You might even say the 39-year-old is the contemporary designer whose clothing is most about New York. In 2016, Preston collaborated with the city’s sanitation department, for which he repurposed old sanitation worker uniforms and other used clothing to highlight the organization’s efforts towards decreasing waste. Two years later, for a project with Carhartt’s fashion-forward diffusion line Carhartt WIP, he showed his pieces on art handlers, often artists themselves, who do the tricky business of carting around enormous (and enormously expensive) works of art in the brand’s heavy duty workwear.

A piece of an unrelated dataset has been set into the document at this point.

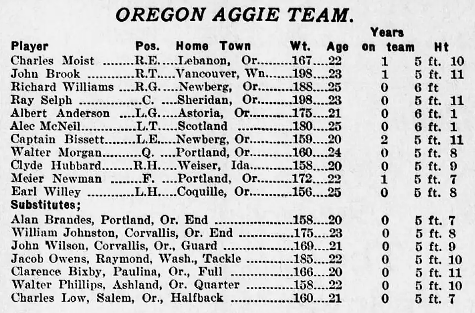 3. ^ "Oregon Aggies 13, Pullman team 10". The Sunday Oregonian. October 15, 1916. Retrieved May 5, 2025 – via Newspapers.com.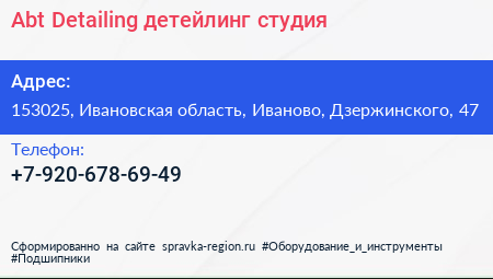Abt Detailing, детейлинг-студия по адресу 153025, Ивановская область, Иваново, Дзержинского, 47 в дальнейшем Организация, размещена в следующих категориях:

And in 2021, he worked as a creative consultant for Calvin Klein, creating some of the brand’s best products and imagery—Kaia Gerber in jeans and high-rise briefs, Nas in cool beige sweatpants—in its post-Raf Simons period.

heron preston runway paris fashion week menswear fw 2020 2021
A look from Preston’s most recent runway show, Fall 2021 in Paris, shown in 2020.Kay-Paris Fernandes - Getty Images

So the move to New York seems like a natural fit. “I just really started missing the city,” he said. “I started missing showing and connecting with my friends and my family here in New York.”

He has a number of fans outside of the world of fashion who follow his career on Instagram; some have become his friends, and he's invited them to the show. “There’s so many different layers of fans” in fashion, he said. “You have those core fans, but then it kind of trickles out to someone who doesn’t even wear fashion or can’t even afford it. But they follow me and I work with them and they love what I post, and they always compliment me”—they particularly love the 3D-printed sneakers he first introduced in October 2021, he said. “These are people who are watching from the outside.” Many of them, he noted, have said they’ve never even been to a fashion show before.

It’s true that the city seems to bring something out in Preston—a wide-eyed creativity that can be harder to detect in Paris, which is a city all about fashion and less about how style, music, stores, and restaurants coalesce to create a distinctive culture. (It’s hard to imagine a Parisian designer collaborating with the city’s sanitation department.) His invitations, for example, were all discarded stuff he found wandering around New York: crushed up cans, pieces of cardboard packaging, and even remnants of a discarded sink.

heron preston uniforms for dept of sanitation event, spring summer 2017, new york fashion week, usa 07 sep 2016
Clothes Preston made for his project with the New York City Sanitation Department in 2016.WWD - Getty Images

As for the show, the choreography of his runway presentation will echo the pedestrian cacophony of the city, with graffiti artists (including Preston himself) spraying utility markings on the runway as the models weave in and out. He is also eager to show off the progression of his designs, which, again, are an homage to urban materials and uniform style. “This collection’s really inspired by the reclaiming of found objects and observing the city,” he said, and “looking at the city as layers of materials.” Tarp, barbed wire, and faux fur are some of his “fabrics,” along with denim; his fascination with chain link fencing inspired a swath of chainmail hoods, bras, and shirting.

It’s sweet to remember that a decade ago, Preston, Williams, and Abloh were just fresh-faced outsiders in New York. “We’ve always been able to identify gaps within storytelling and gaps within culture that could be filled, or done better,” he said about the enduring influence of their spirit. They were able to identify things that “hadn’t hit their full potential yet. Or maybe that thing needs to be flipped on its head. Maybe that rule needs to be rewritten. Maybe that rule needs to be erased altogether. Maybe something needs to be rebuilt from scratch, or the bottom up, instead of fixing stuff.”

Their creative alliance “was always just kind of questioning culture, the vibes of the streets of youth. What do we need? What’s exciting us? What’s boring us?” He said he feels that spirit in the show he is staging Saturday evening.

At a time when some longtime New Yorkers feel the city is changing too fast and for the worse, Preston’s show might be a reminder that the foundations remain unaltered. “Obviously, this is a fashion show. But I look at this as more of a celebration,” he said.